### Problem details
Would you please restate the data exactly as it stands, apart from the pictures?
(Extracted records)
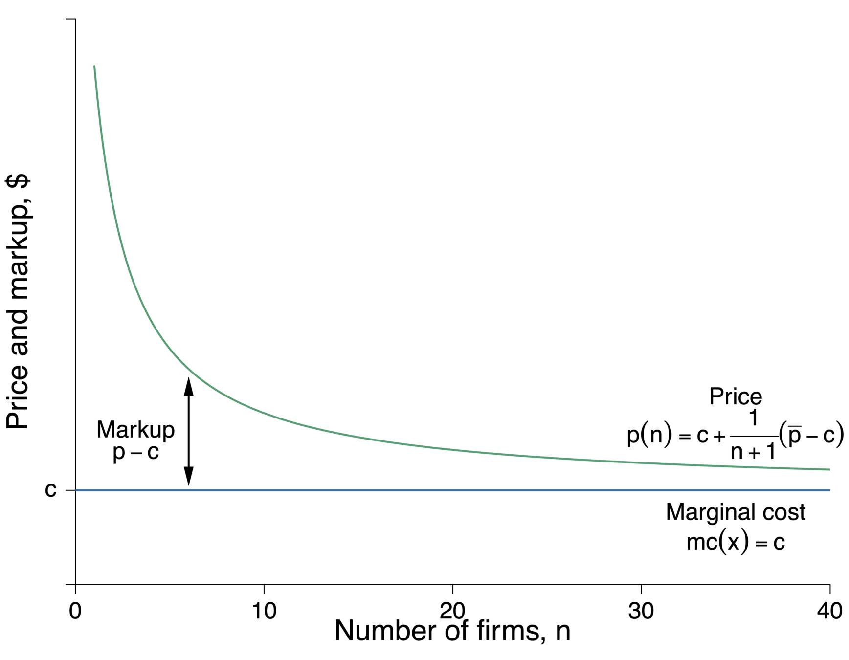 As n increases, markup (and markup ratio) decrease. (Cournot’s “unlimited competition”)
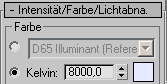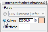- Wählen Sie im Rollout "Intensität/Farbe/Lichtabnahme" die Option "Kelvin" (Farbtemperatur), um die Lichtfarbe in einen weichen Gelbton (2800K) zu ändern.
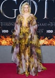 Um, hi. I would like to officially pledge my allegiance to Gwendoline Christine this afternoon, after she generously gave us all a lesson on owning the red carpet on Wednesday night. At the Game of Thrones season eight premiere event on April 3, the actress stepped out looking like a literal work of art in an Iris van Herpen floor-length gown with a purple and gold cloud print. The silky number - which was a very far cry from her knightly ensemble on the show - looked like an abstract painting, and featured long, exaggerated sleeves that she definitely didn't hold back from showing off as she posed for photos.
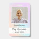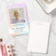 Un badge photo d'identité d'enseignant(e) de maternelle arc-en-ciel pastel joli pour usage en classe, afin que les élèves puissent voir leur enseignant(e) de maternelle souriant sans masque. Modèles de texte personnalisés pour le nom de l'enseignant, l'école, comprend également un modèle de photo personnalisé pour que vous puissiez facilement ajouter votre propre photo. Le verso comporte un espace pour une adresse, un numéro de téléphone et une adresse e-mail. Fond holographique licorne arc-en-ciel joli.
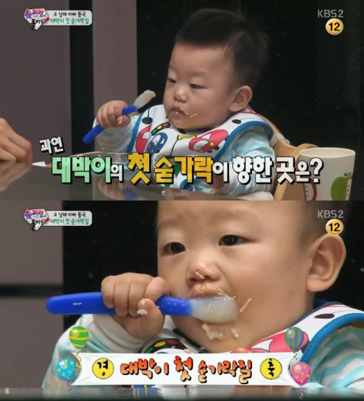 [스포츠조선닷컴 김준석 기자]'이동국의 아들 대박이가 첫 숟가락질에 성공했다.
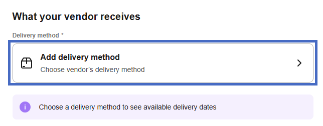 - Select +Add to add a new delivery method. Enter the additional delivery method in the vendor details.
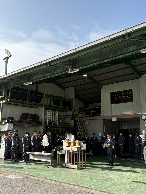 仕事始めは安全祈願祭から始まります。今年も、各員・各施設・車両にも、安全を祈願したお守りをいただき、一年の無事故、無災害を祈りました。
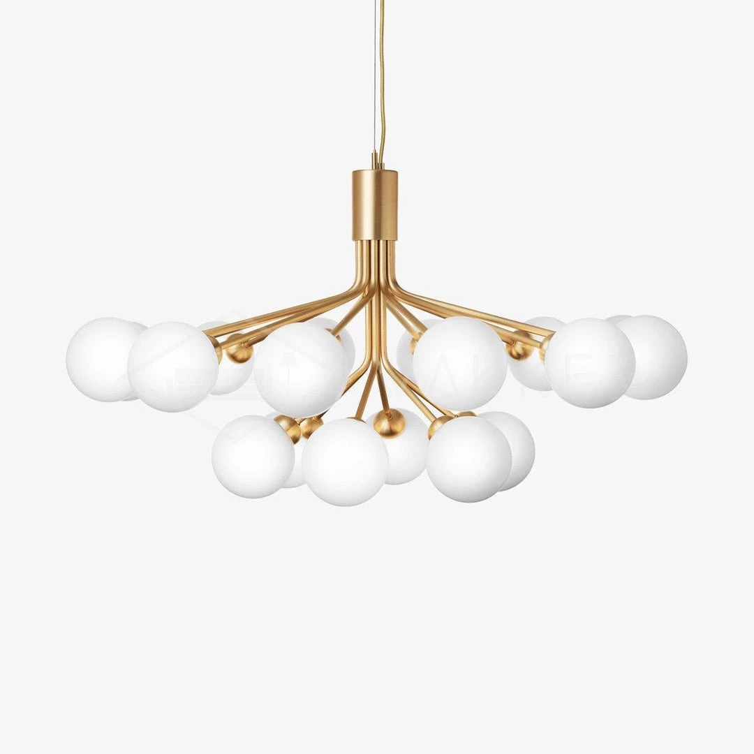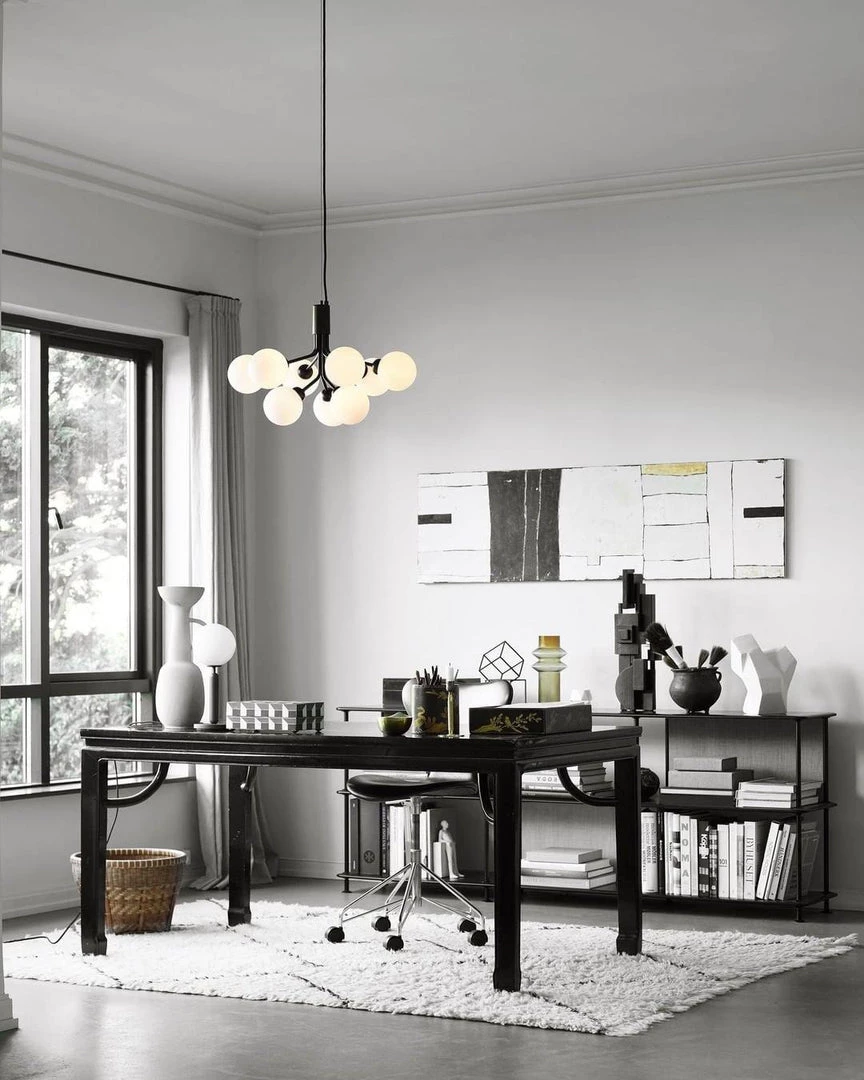 With inspiration from flowers, Sofie Refer has designed the new chandelier collection, Apiales. The collection consists of two chandeliers with 9 or 18 mouth-blown glass globes and are available in golden Brush Brass finish or the smooth Satin Black. From a specially-produced canopy, the arms unfold like flower stalks from which light is spread with grace.
(End Extracted records)
### Response to this task
 As n increases, markup (and markup ratio) decrease. (Cournot’s “unlimited competition”)
- Wählen Sie im Rollout "Intensität/Farbe/Lichtabnahme" die Option "Kelvin" (Farbtemperatur), um die Lichtfarbe in einen weichen Gelbton (2800K) zu ändern.
 Um, hi. I would like to officially pledge my allegiance to Gwendoline Christine this afternoon, after she generously gave us all a lesson on owning the red carpet on Wednesday night. At the Game of Thrones season eight premiere event on April 3, the actress stepped out looking like a literal work of art in an Iris van Herpen floor-length gown with a purple and gold cloud print. The silky number - which was a very far cry from her knightly ensemble on the show - looked like an abstract painting, and featured long, exaggerated sleeves that she definitely didn't hold back from showing off as she posed for photos.
 Un badge photo d'identité d'enseignant(e) de maternelle arc-en-ciel pastel joli pour usage en classe, afin que les élèves puissent voir leur enseignant(e) de maternelle souriant sans masque. Modèles de texte personnalisés pour le nom de l'enseignant, l'école, comprend également un modèle de photo personnalisé pour que vous puissiez facilement ajouter votre propre photo. Le verso comporte un espace pour une adresse, un numéro de téléphone et une adresse e-mail. Fond holographique licorne arc-en-ciel joli.
 [스포츠조선닷컴 김준석 기자]'이동국의 아들 대박이가 첫 숟가락질에 성공했다.
 - Select +Add to add a new delivery method. Enter the additional delivery method in the vendor details.
 仕事始めは安全祈願祭から始まります。今年も、各員・各施設・車両にも、安全を祈願したお守りをいただき、一年の無事故、無災害を祈りました。
 With inspiration from flowers, Sofie Refer has designed the new chandelier collection, Apiales. The collection consists of two chandeliers with 9 or 18 mouth-blown glass globes and are available in golden Brush Brass finish or the smooth Satin Black. From a specially-produced canopy, the arms unfold like flower stalks from which light is spread with grace.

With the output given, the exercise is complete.